On 28/06/2006 8:40 PM, Jason van Zyl wrote:
When we last discussed it on the development process, we talked about
instead doing regular promotion of the automated builds (eg, roughly
once a week we say "this is a stable build with something new/a good
fix/etc, let's ask people to test it").
I'd really like to try that (and add anything to continuum to make it
easier :)
Yes, but we still have to make some official public releases. I don't
think we can just release Continuum generated builds and then just
release 1.1? Or do I misunderstand what you're talking about.
I think we are talking about the same thing, but it's just mechanics.
So a fundamental thing I think we need is regular builds that at least
passed the basic integration tests (ie, they compiled and the server
started). These are what we have now, though I'd rather they came from
Continuum and were more easily accessible to joe schmo just coming to
the web site.
The next thing is regularly approved builds.

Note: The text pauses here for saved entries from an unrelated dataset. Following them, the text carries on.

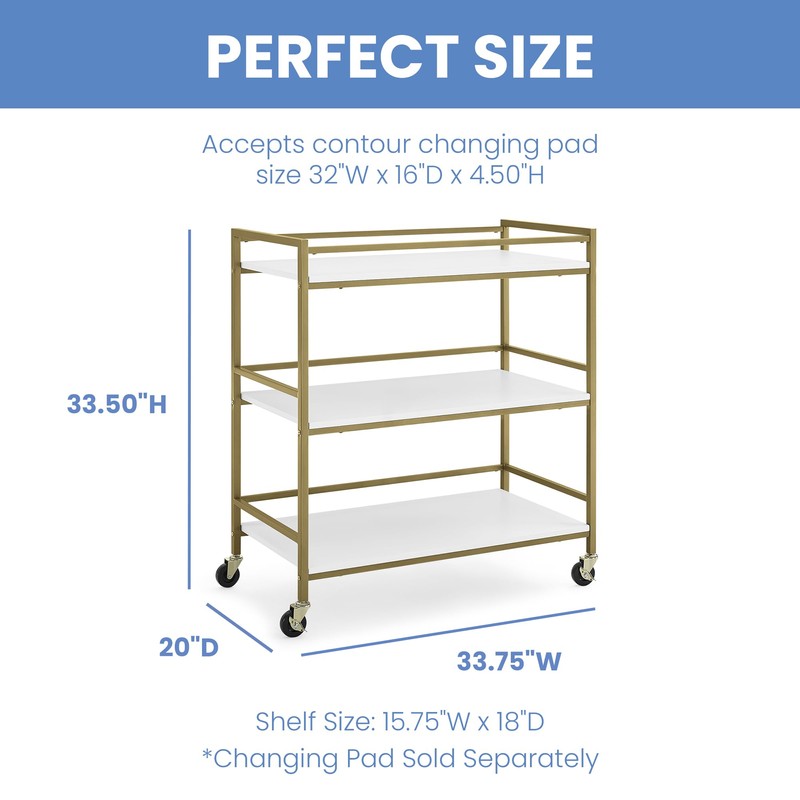 - SIZE: Assembled dimensions: 33.75"W x 18"D x 37.75"H | Shelf Size: 32.25"W x 18"D | Accepts contour changing pad size 32"W x 16"D x 4.50"H (sold separately) | Easy assembly
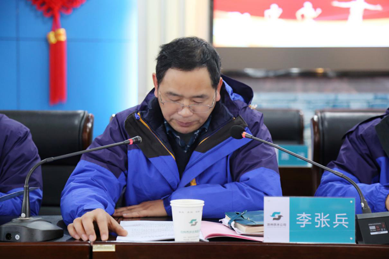 總經(jīng)理李張兵作《迎難而上 創(chuàng)新實(shí)干 譜寫新格局下健康發(fā)展新篇章》年度工作報(bào)告,從突出供水主業(yè)、內(nèi)部管理、重點(diǎn)工作、文化建設(shè)、黨建引領(lǐng)等五個(gè)方面,全面回顧、總結(jié)公司2020年各項(xiàng)工作取得的新成果。他指出2020年公司售水量突破3000萬噸歷史大關(guān),產(chǎn)銷差率取得10.93%的歷史最好成績(jī),69座老舊小區(qū)二次供水泵站改造提前完成,城鄉(xiāng)供水一體化發(fā)展取得新突破,公司喜獲安徽省第十二屆文明單位、第四屆池州市市長(zhǎng)質(zhì)量獎(jiǎng)提名獎(jiǎng)、2019年池州市雙擁優(yōu)秀單位等榮譽(yù)稱號(hào),公司黨支部黨建品牌摘得市屬國(guó)有企業(yè)黨建品牌評(píng)審大賽一等獎(jiǎng)桂冠,公司發(fā)展呈現(xiàn)一派新氣象;同時(shí),他指出公司仍然面臨外部環(huán)境不確定、內(nèi)部活力待進(jìn)一步激發(fā)等的困難和挑戰(zhàn)。他要求,2021年,公司上下要?jiǎng)哿ν、?jiān)定信念、保持定力,不斷提升經(jīng)營(yíng)管理、供水保障、用戶服務(wù)、業(yè)務(wù)拓展、創(chuàng)新發(fā)展能力,實(shí)施“131”工程,即推動(dòng)一項(xiàng)核心(水價(jià)調(diào)整)、推進(jìn)三項(xiàng)改革(機(jī)構(gòu)、薪酬和績(jī)效改革)、實(shí)施水源地保護(hù)工程等,他從六個(gè)方面全面部署了公司2021年各項(xiàng)工作及核心任務(wù)。
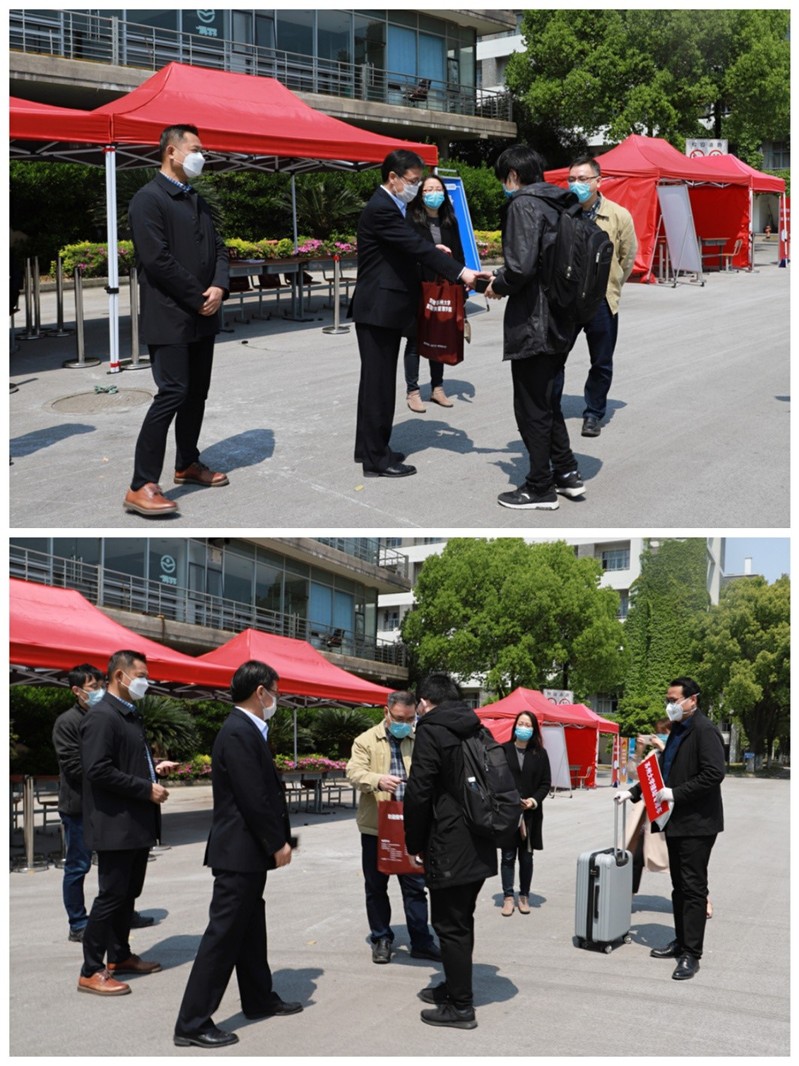 政治与公共管理学院院长陈进华,党委书记邢光晟,副院长吉文灿,党委副书记、副院长徐美华一行在校门口报道区域迎接学生返校,与学生交谈,深入了解学生返程详情、心理动态以及返校后的学习生活计划,传递如家般的温暖,鼓励学生坚定信心、克服困难、积极作为。此外学院针对学生返校后的需求制定了个性化的管理服务方案,针对尚未返校的同学,学院时刻牵挂同学们的学习考研就业等成长发展需求,将凝聚全院老师、校友、企业以及社会的智慧和力量,为即便远在千里之外的管院学子提供实实在在的指导和帮助,助力大家完成好学业、就业、毕业等工作。
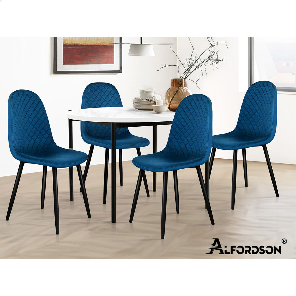 ALFORDSON 4x Dining Chairs Kitchen Lounge Cafe Diamond Stitch Retro Velvet Blue
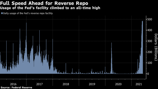 美联储用于控制短期利率的一项工具的需求飙升至纪录最高水平,因海量现金正寻找去处。
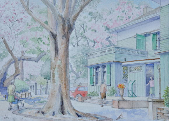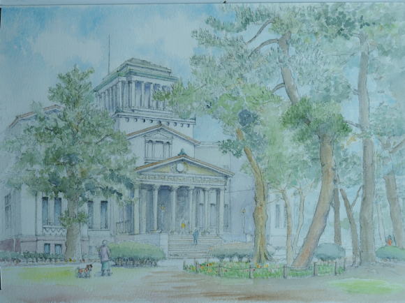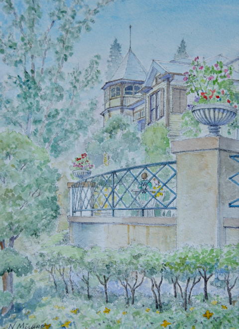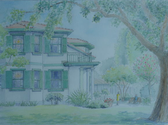 横浜・山手 イタリア山 イタリア領事館がおかれた 幾何学的様式の庭園に 正面から描くのが定番ですが 敢えて斜めから、喫茶コーナー のテラス越しに見える洋館を 試してみました |
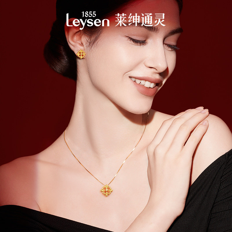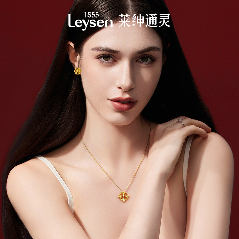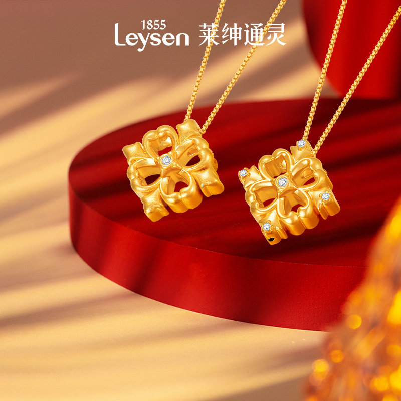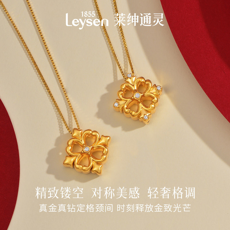 【情人节礼物】莱绅通灵鸢尾花 足金黄金钻石菱形网格吊坠 赠银链
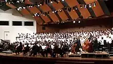 In the 1980s, the acoustics engineer Leo Beranek, who contributed to the project, ranked the hall in the world's top five concert halls for its acoustics.[9][12] It is so ranked thanks to the 1953 Flying Saucers or Floating Clouds artwork developed by Alexander Calder, a system that combines technology and art.[2][9] These structures were installed on the ceiling under the supervision of the American firm Bolt, Beranek and Newman, and adjusted while an orchestra played on stage to calibrate the acoustics and make sure the quality remained consistent throughout the hall.[1][13] The clouds are the most prominent example of the philosophy of the project to combine art and thought as well as function.[4][14]
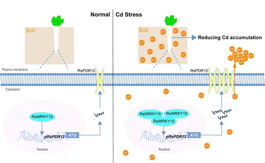 综合上述结果,研究团队构建了一个清晰的分子通路模型:在正常条件下,RsWRKY15维持基础表达水平;当植株遭遇镉胁迫时,RsWRKY15迅速被诱导高表达,并直接激活下游靶基因RsPDR12的转录。后者编码一种镉外排转运蛋白,可将进入细胞的Cd²⁺主动泵出,从而有效降低萝卜整体尤其是肉质根中的镉积累量。这一“RsWRKY15–RsPDR12”模块的发现,不仅阐明了萝卜应对镉毒害的内在防御机制,也为未来培育低镉累积萝卜新品种提供了关键的理论依据与可操作的分子靶点。
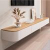 - Thiết Kế Treo Tường (Floating): Kệ được gắn trực tiếp lên tường, tạo cảm giác lơ lửng và giúp không gian sàn nhà hoàn toàn trống trải, rất phù hợp với nhà hiện đại và robot hút bụi.
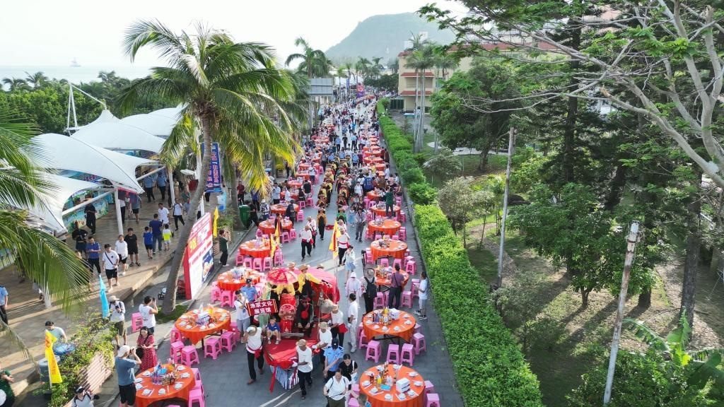 上千桌宴席沿街?jǐn)[開(kāi),來(lái)自五湖四海的游客和當(dāng)?shù)貪O民們歡聚一堂,沐浴著星光與海風(fēng),從五柳紅古魚(yú),到海膽海鮮飯,一道道漁家美食端上餐桌,讓食客品嘗舌尖美味,感受來(lái)自海陵島的獨(dú)特風(fēng)味。

Currently we schedule and
do the alpha/beta thing, but what I'm thinking is not going through the
whole release process that is time consuming and doing something more
regular - ie every week or two we say "there's been a few new features,
or a significant internal change, or some bad bugs fixed and we want
people to test it", so we check a particular build is reasonably stable
and then vote (or something) to promote it - and we put that up on the
web site as the latest "test" build. It's somewhere between unstable
nightlies and really stable releases.
I guess what I'm thinking of is something like IDEA's EAP program.
Then the final release would what we do now: produce an RC which we
intend to be the actual binary, call for testers and vote. Release that,
or produce another one, then push it out to the mirrors and announce.